### [Work task]
Return the line containing "ひな壇式でどの角度からも美しく、スタッキング可能なコレクションケース!" and every line beneath it through the end of the entries below, unchanged. Pictures stay out.

### [Provided data]
################

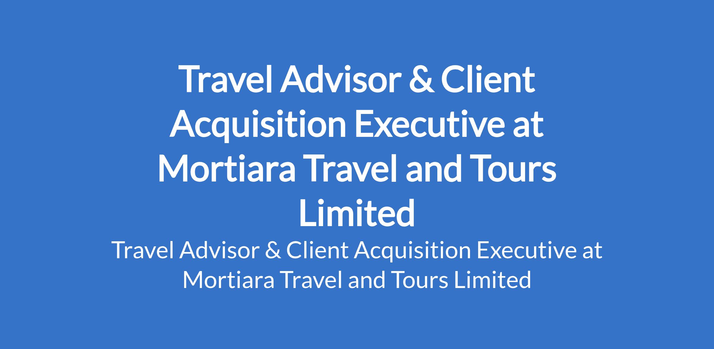 Mortiara Travel and Tours Limited is recruiting to fill the position of: Travel Advisor & Client Acquisition Executive. The position is located in Redemption Camp, Lagos-Ibadan Expressway - Ogun State. Interested candidates should possess a Bachelor's Degree with 2 years experience and must be residing between Ojodu-berger and Redemption Camp, Lagos-Ibadan Expressway.
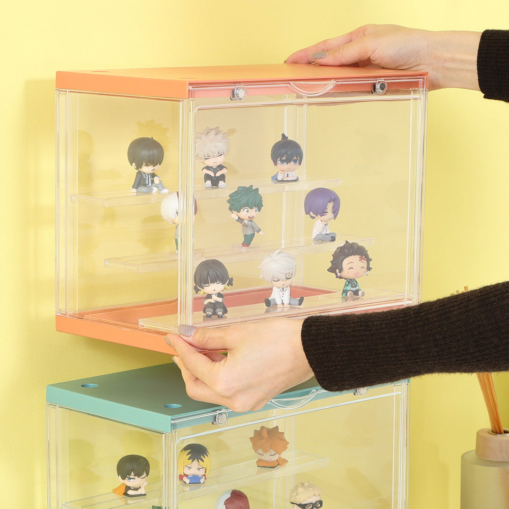 ひな壇式でどの角度からも美しく、スタッキング可能なコレクションケース!
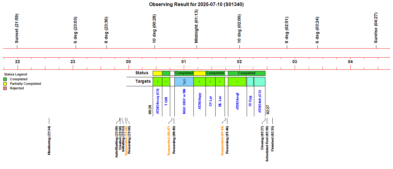 AT 2024eh - CV Type Transient AT 2024wqf - Type AGN Transient (4C 27.50) AT 2024wzq - CV Type Transient AT 2024xpy - Type BL Transient NGC 5957 - Spiral Galaxy with Type Ia Supernova 2025fvw Variable Stars (photometric monitoring) - T CrB, CI Cyg, BL Lac, CY Lyr Nearby Stars (astrometric monitoring) - None
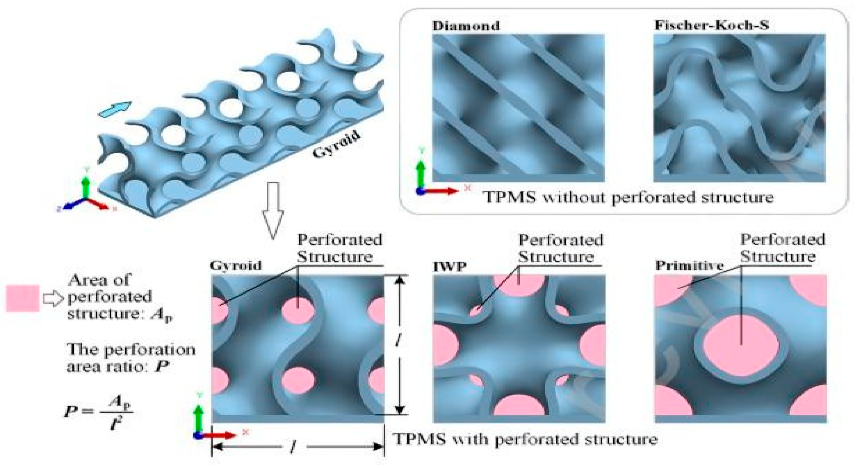 | TPMS & Fins | Heat Exchange ) | Porosity (%) | Hydraulic Diameter (m) | The Perforation Area Ratio, P (%) |
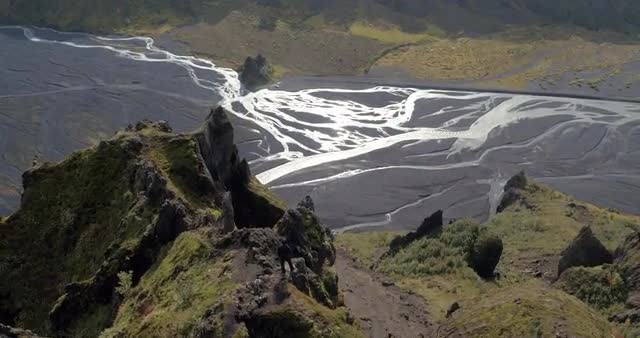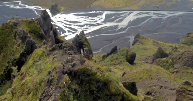 > Aerial shot of man walking on a cliff in Iceland
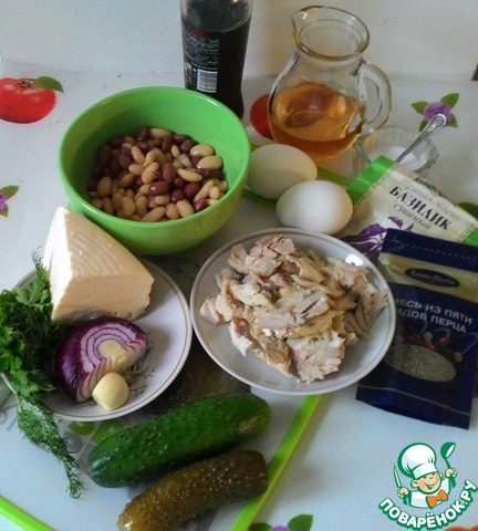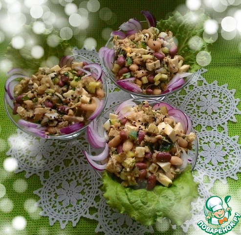 Смешать все ингридиенты в миске, полить заправкой, еще раз аккуратно перемешать. Проверить на соль. Разложить по салатницам, украсив салатом, луком или зеленью.
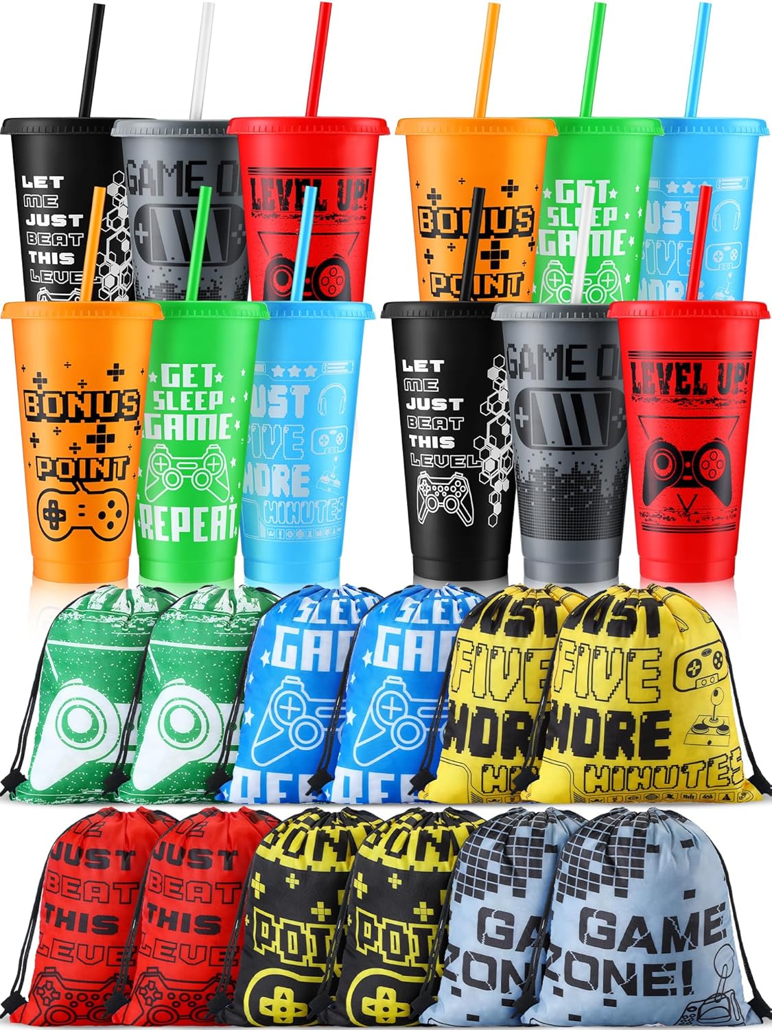 Mifoci 24 Pcs Video Game Party Favors, 12 Video Game Plastic Cups with Lids and Straws and 12 Drawstring Backpack, 24oz Reusable Tumble Bag for Gaming Party(Colorful)

################

### [Result of this task]
 ひな壇式でどの角度からも美しく、スタッキング可能なコレクションケース!
 AT 2024eh - CV Type Transient AT 2024wqf - Type AGN Transient (4C 27.50) AT 2024wzq - CV Type Transient AT 2024xpy - Type BL Transient NGC 5957 - Spiral Galaxy with Type Ia Supernova 2025fvw Variable Stars (photometric monitoring) - T CrB, CI Cyg, BL Lac, CY Lyr Nearby Stars (astrometric monitoring) - None
 | TPMS & Fins | Heat Exchange ) | Porosity (%) | Hydraulic Diameter (m) | The Perforation Area Ratio, P (%) |
 > Aerial shot of man walking on a cliff in Iceland
 Смешать все ингридиенты в миске, полить заправкой, еще раз аккуратно перемешать. Проверить на соль. Разложить по салатницам, украсив салатом, луком или зеленью.
 Mifoci 24 Pcs Video Game Party Favors, 12 Video Game Plastic Cups with Lids and Straws and 12 Drawstring Backpack, 24oz Reusable Tumble Bag for Gaming Party(Colorful)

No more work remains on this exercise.